(Records contained in a dataset)
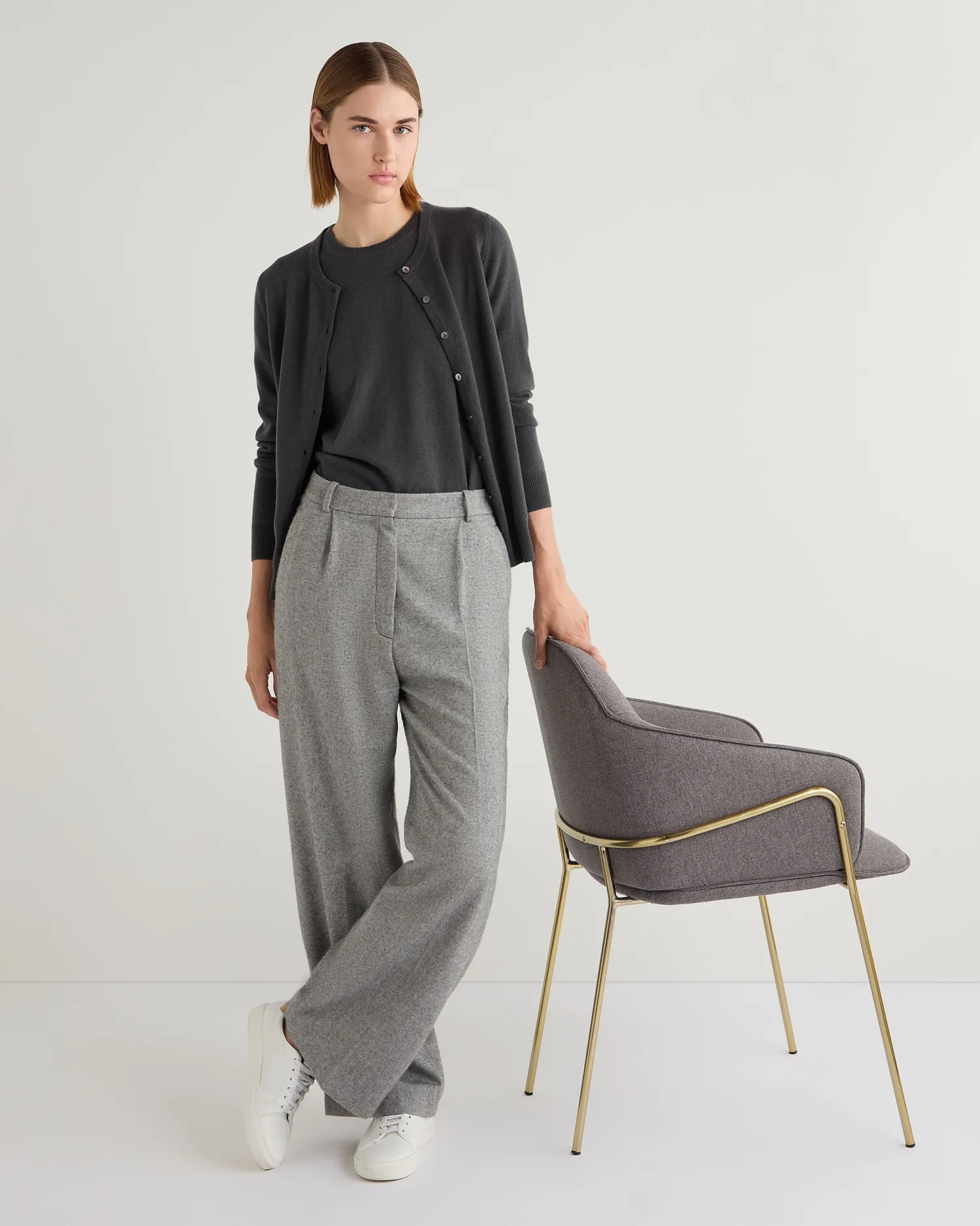 A fabulous piece to dress up or down – the cashmere round neck T-shirt. 100% Mongolian organic cashmere – Flattering round neck style – Short sleeves – Perfect layering piece – Neat matching trim finish – 1ply – Model is wearing size Small – Care: Hand Wash Organic cashmere: organic dyes and detergents, free from fertilizer and pesticides, find out more here
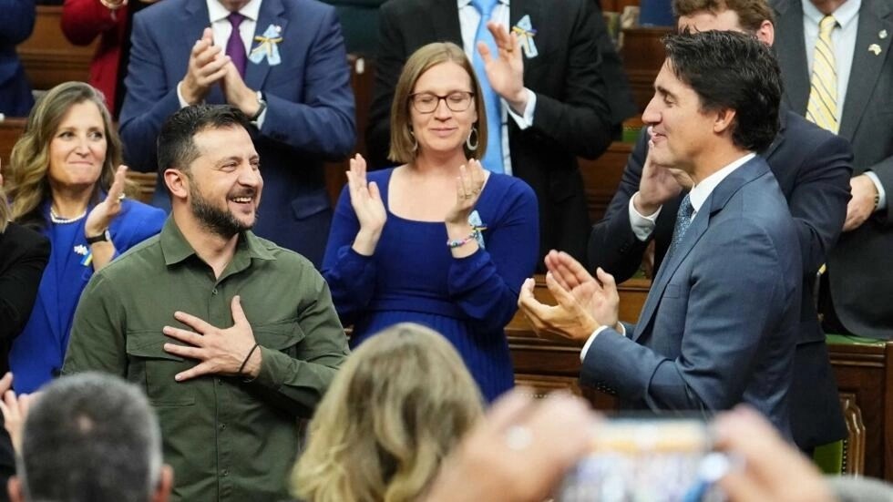Sau Washington, Mỹ, tổng thống Ukraina Volodymyr Zelensky hôm qua, 22/09/2023, công du Canada. Sau khi hội đàm với thủ tướng Justin Trudeau, ông Zelensky đã được đón chào nồng nhiệt tại Nghị Viện Canada.
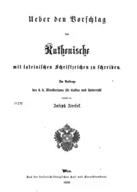 - Josef Jireček: Über den Vorschlag, das Ruthenische mit lateinischen Schriftzeichen zu schreiben. — Wien : K.u.K. Ministerium für Cultus und Unterricht, 1859.
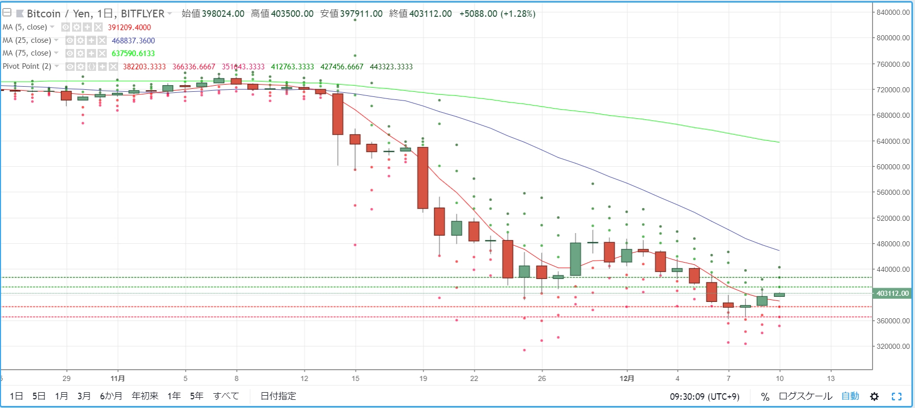 画像は2018年12月10日のキャプチャ。ここ最近は、下げては調整の戻りを見せ、また下げるといったサイクルが繰り返されています。昨日は下げの本流が再加速した日でしたが、今日はその調整的な戻りとして、全面的に「緑」が目立つ相場環境となっています。
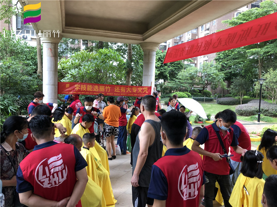 2021.08.11 廣西美發(fā)培訓(xùn)機(jī)構(gòu)組織學(xué)員到地亞莊園義務(wù)理發(fā)
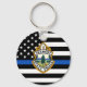Línea Azul delgada Keychain del Departamento de Policía - Bandera estadounidense con colores de bandera de la policía, diseño moderno negro y azul. Personalizar con el logo de su departamento, y personalizar con el nombre de los oficiales de policía. Esta cadena de claves personalizada para la aplicación de la ley es perfecta para los departamentos de policía y los oficiales encargados de hacer cumplir la ley, ideas promocionales o regalos a los oficiales de policía. DERECHOS RESERVADOS © 2020 Judy Burrows, Black Dog Art - Todos los derechos reservados. Cadena de claves de cumplimiento de la ley con logotipo de Personalizado del Departamento de Policía
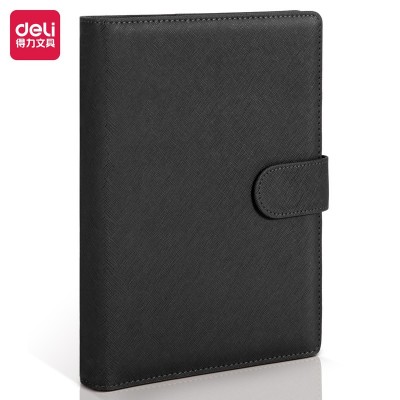 得力(deli)25K100张商务笔记本子 活页本工作记事本子日记本皮面本办公用品 黑色3151
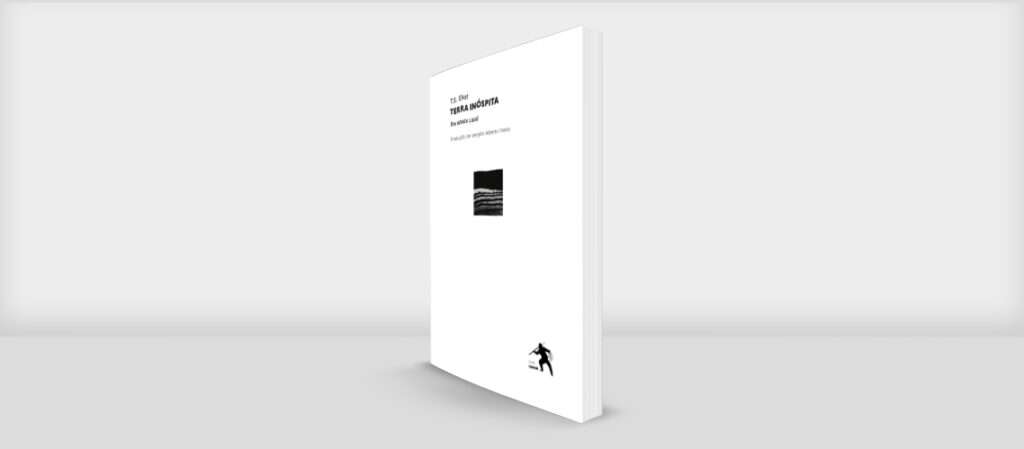 • Livro de capa branca 'TERRA INCÓSPITA' com imagem preta e figura humana
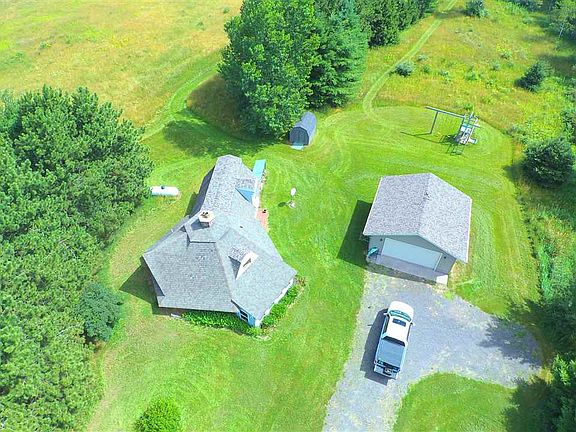 This partial berm home offers 2 bedrooms and 1.5 bathrooms, on two levels, with a massive rock fireplace in the living room, all on 40 beautiful acres of land within a couple minutes of Houghton. This is 40 ACRES within 5 minutes of Houghton, on a year round road with views toward the Quincy Mine! The eat in kitchen flows right into the living room, and it has a sun-porch off the living room with a "hobbit" style custom door. The larger master bedroom upstairs has a half bath in it. The seller added a detached 24x24 two-car garage, with new 200 amp main electric service to the property. The home has a 100 amp electric subpanel. Other property improvements include dramatically expanding the pond in the SE corner of the property. The pond is huge, wraps around a point, and is clear water the seller has used as a family swimming hole. The property is a 40 acre former pasture that offers a nice view toward Ripley and Dollar Bay from slightly higher ground. A new owner could live in the existing house while building a dream place toward the pond, or drop in a small development of several homes. The parcel has a survey, and the county plows to the driveway of this home.
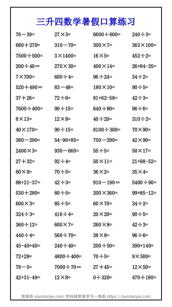 三升四数学暑假口算练习-四上数学 简单街 6月前发布 关注 私信 0190 三升四数学暑假口算练习-四上数学此内容为付费资源,请付费后查看¥1.2黄金会员免费钻石会员免费立即购买您当前未登录!建议登陆后购买,可保存购买订单格式docx页数4 页大小17.39 KB付费资源 ——预览已结束,还剩2页未读——开通会员后可免费下载高清完整文档 © 版权声明文章版权归作者所有,未经允许请勿转载。THE END小学数学喜欢就支持一下吧点赞0 分享收藏0
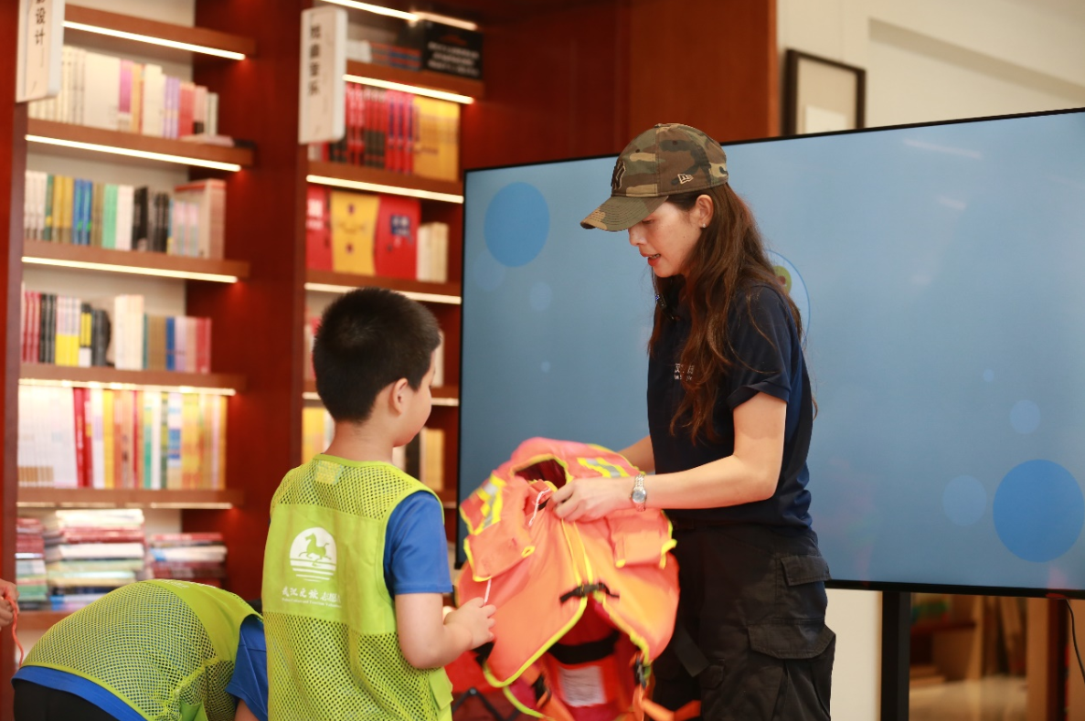 长江日报大武汉客户端7月19日讯(记者黄丽娟 通讯员武旅信)每年暑假,既是孩子玩得快乐的时候,也是各种危险易发高发期。眼下正值武汉主汛期,许多小朋友喜欢在江边戏水或游泳解暑,存在一定的溺水安全隐患。为了提高小朋友们的防溺水意识和自救能力,武汉文旅志愿者联合江岸区应急管理局宝捷救援队,在武汉中心书城开展暑期安全小课堂活动,加强防溺水安全宣传。

### ASSIGNED TASK
Retype the data word for word and keep the pictures out of it.

### EXERCISE OUTPUT
 A fabulous piece to dress up or down – the cashmere round neck T-shirt. 100% Mongolian organic cashmere – Flattering round neck style – Short sleeves – Perfect layering piece – Neat matching trim finish – 1ply – Model is wearing size Small – Care: Hand Wash Organic cashmere: organic dyes and detergents, free from fertilizer and pesticides, find out more here
Sau Washington, Mỹ, tổng thống Ukraina Volodymyr Zelensky hôm qua, 22/09/2023, công du Canada. Sau khi hội đàm với thủ tướng Justin Trudeau, ông Zelensky đã được đón chào nồng nhiệt tại Nghị Viện Canada.
 - Josef Jireček: Über den Vorschlag, das Ruthenische mit lateinischen Schriftzeichen zu schreiben. — Wien : K.u.K. Ministerium für Cultus und Unterricht, 1859.
 画像は2018年12月10日のキャプチャ。ここ最近は、下げては調整の戻りを見せ、また下げるといったサイクルが繰り返されています。昨日は下げの本流が再加速した日でしたが、今日はその調整的な戻りとして、全面的に「緑」が目立つ相場環境となっています。
 2021.08.11 廣西美發(fā)培訓(xùn)機(jī)構(gòu)組織學(xué)員到地亞莊園義務(wù)理發(fā)
Línea Azul delgada Keychain del Departamento de Policía - Bandera estadounidense con colores de bandera de la policía, diseño moderno negro y azul. Personalizar con el logo de su departamento, y personalizar con el nombre de los oficiales de policía. Esta cadena de claves personalizada para la aplicación de la ley es perfecta para los departamentos de policía y los oficiales encargados de hacer cumplir la ley, ideas promocionales o regalos a los oficiales de policía. DERECHOS RESERVADOS © 2020 Judy Burrows, Black Dog Art - Todos los derechos reservados. Cadena de claves de cumplimiento de la ley con logotipo de Personalizado del Departamento de Policía
 得力(deli)25K100张商务笔记本子 活页本工作记事本子日记本皮面本办公用品 黑色3151
 • Livro de capa branca 'TERRA INCÓSPITA' com imagem preta e figura humana
 This partial berm home offers 2 bedrooms and 1.5 bathrooms, on two levels, with a massive rock fireplace in the living room, all on 40 beautiful acres of land within a couple minutes of Houghton. This is 40 ACRES within 5 minutes of Houghton, on a year round road with views toward the Quincy Mine! The eat in kitchen flows right into the living room, and it has a sun-porch off the living room with a "hobbit" style custom door. The larger master bedroom upstairs has a half bath in it. The seller added a detached 24x24 two-car garage, with new 200 amp main electric service to the property. The home has a 100 amp electric subpanel. Other property improvements include dramatically expanding the pond in the SE corner of the property. The pond is huge, wraps around a point, and is clear water the seller has used as a family swimming hole. The property is a 40 acre former pasture that offers a nice view toward Ripley and Dollar Bay from slightly higher ground. A new owner could live in the existing house while building a dream place toward the pond, or drop in a small development of several homes. The parcel has a survey, and the county plows to the driveway of this home.
 三升四数学暑假口算练习-四上数学 简单街 6月前发布 关注 私信 0190 三升四数学暑假口算练习-四上数学此内容为付费资源,请付费后查看¥1.2黄金会员免费钻石会员免费立即购买您当前未登录!建议登陆后购买,可保存购买订单格式docx页数4 页大小17.39 KB付费资源 ——预览已结束,还剩2页未读——开通会员后可免费下载高清完整文档 © 版权声明文章版权归作者所有,未经允许请勿转载。THE END小学数学喜欢就支持一下吧点赞0 分享收藏0
 长江日报大武汉客户端7月19日讯(记者黄丽娟 通讯员武旅信)每年暑假,既是孩子玩得快乐的时候,也是各种危险易发高发期。眼下正值武汉主汛期,许多小朋友喜欢在江边戏水或游泳解暑,存在一定的溺水安全隐患。为了提高小朋友们的防溺水意识和自救能力,武汉文旅志愿者联合江岸区应急管理局宝捷救援队,在武汉中心书城开展暑期安全小课堂活动,加强防溺水安全宣传。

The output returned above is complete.